(Records from a collection)
▬▬▬▬▬▬

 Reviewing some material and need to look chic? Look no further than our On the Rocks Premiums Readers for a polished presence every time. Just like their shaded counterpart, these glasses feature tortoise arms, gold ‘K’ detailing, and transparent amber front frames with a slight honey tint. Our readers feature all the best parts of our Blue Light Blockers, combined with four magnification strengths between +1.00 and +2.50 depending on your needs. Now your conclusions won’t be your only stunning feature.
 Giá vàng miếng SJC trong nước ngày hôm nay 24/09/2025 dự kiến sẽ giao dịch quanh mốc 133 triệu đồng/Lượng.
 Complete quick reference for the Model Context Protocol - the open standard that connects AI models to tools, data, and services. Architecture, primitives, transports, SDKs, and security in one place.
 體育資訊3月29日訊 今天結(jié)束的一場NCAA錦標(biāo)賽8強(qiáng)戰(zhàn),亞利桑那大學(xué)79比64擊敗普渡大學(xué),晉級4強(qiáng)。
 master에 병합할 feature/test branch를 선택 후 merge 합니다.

▬▬▬▬▬▬

## TASK TO CARRY OUT:
Beginning with the line that contains "體育資訊3月29日訊 今天結", quote each line exactly through the last line of the entries above, and nothing beyond them.

## RESPONSE TO THE TASK:
 體育資訊3月29日訊 今天結(jié)束的一場NCAA錦標(biāo)賽8強(qiáng)戰(zhàn),亞利桑那大學(xué)79比64擊敗普渡大學(xué),晉級4強(qiáng)。
 master에 병합할 feature/test branch를 선택 후 merge 합니다.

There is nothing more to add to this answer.